Apenas 13min depois do início da cerimônia, o narrador Maurídio Torres chamou os comerciais. Por cerca de 6min, o telespectador deixou de ver a celebração, mas pode se deliciar com uma série de propagandas, inclusive, de programas da casa, como o “Domingo Espetacular”.


Nesse período, a dupla Pet Shop Boys cantou “West End Girls”, e o grupo One Direction entoou um de seus hits, “What Makes You Beautiful”, mas o telespectador da Record não viu. Quando a transmissão foi retomada, a banda Stomp fazia sua performance. “Um espetáculo o Stomp, coreografia e percussão”, disse Torres, sem citar o que o telespectador perdeu.
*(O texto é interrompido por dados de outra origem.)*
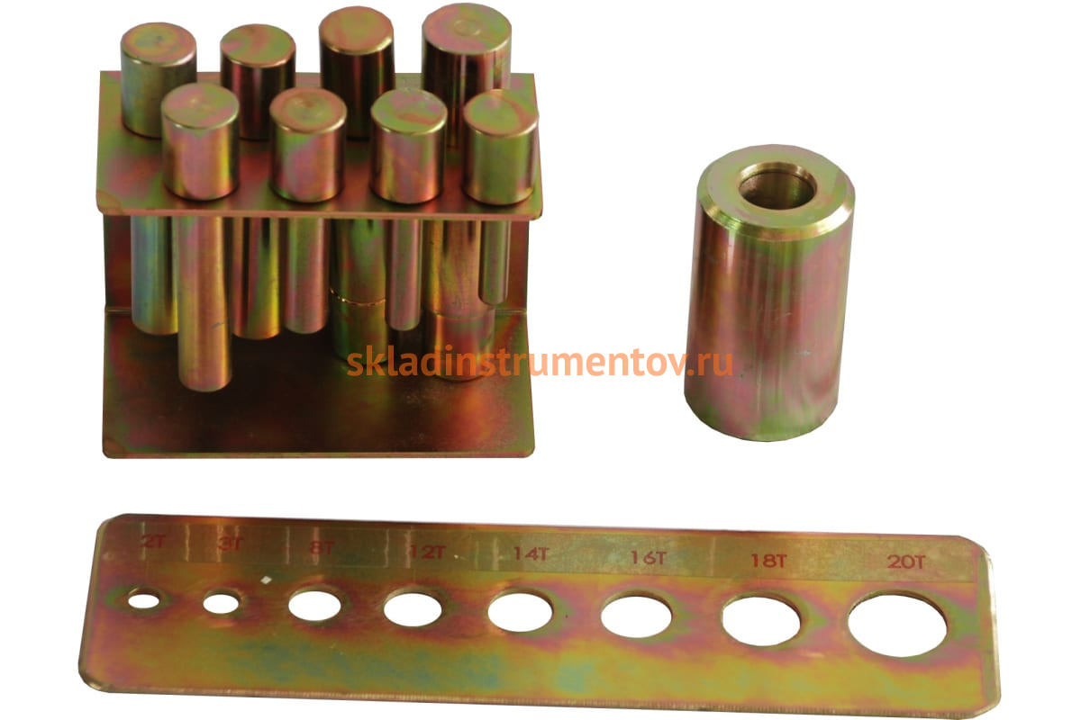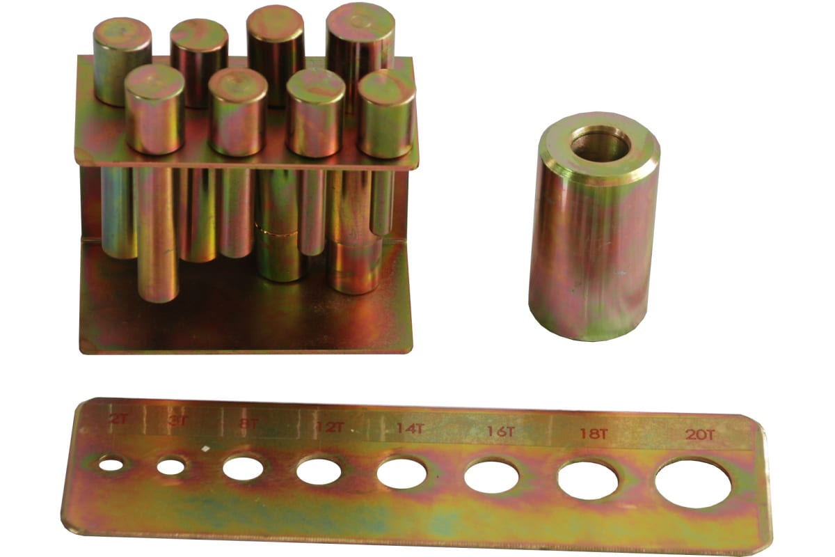 Набор пуансонов PPA AE&T и пресс формы предназначены для гидравлических прессов. В комплекте 8 пуансонов: 3/8”, 7/16”, 9/16”, 5/8”, 3/4”, 13/16”, 15/16”, 1 1/8”, рама для пуансонов, пресс форма.
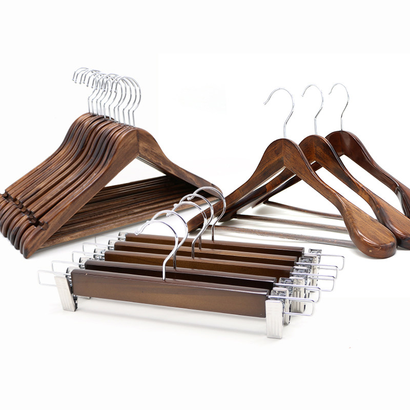 Retro solid wood clothes rack clothes hanger anti-slip wood hanger hotel with wooden clothes hanger clothing shop pants holder pants clip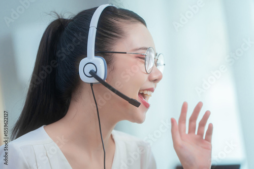 asian, woman, headset, desk, home, office, remote, work, call center, client, service, support, technical, online, video, meeting, virtual, communication, professional, business, digital, collaboration, teamwork, laptop, computer, training, presenter, organiser, consulting, coaching, telework, engaged, modern, cyberspace, interaction, chat, conference, network, employee, employer, career, job, workplace, productivity, efficiency, organised, management, platform

Aos 37min, uma nova paralisação. “Daqui a pouco a gente volta, Olimpíadas 2012, tá na Record, tá no Brasil”, afirmou Torres. Uma propaganda de “A Fazenda” abriu a segunda pausa, de cerca de 5min. Enquanto isso, por exemplo, a câmera exclusiva do SporTV captava as primeiras imagens do desfile da delegação brasileira em Londres.

Depois de mais de 3h de cerimônia, a Record anunciou os próximos grandes eventos com a participação do canal: Olimpíadas de Inverno em Sochi-2014, os Jogos Pan-Americanos de Toronto-2015 e os Jogos Olímpicos do Rio-2016. Na despedida, Torres agradeceu aos torcedores e, também, as agências de publicidade.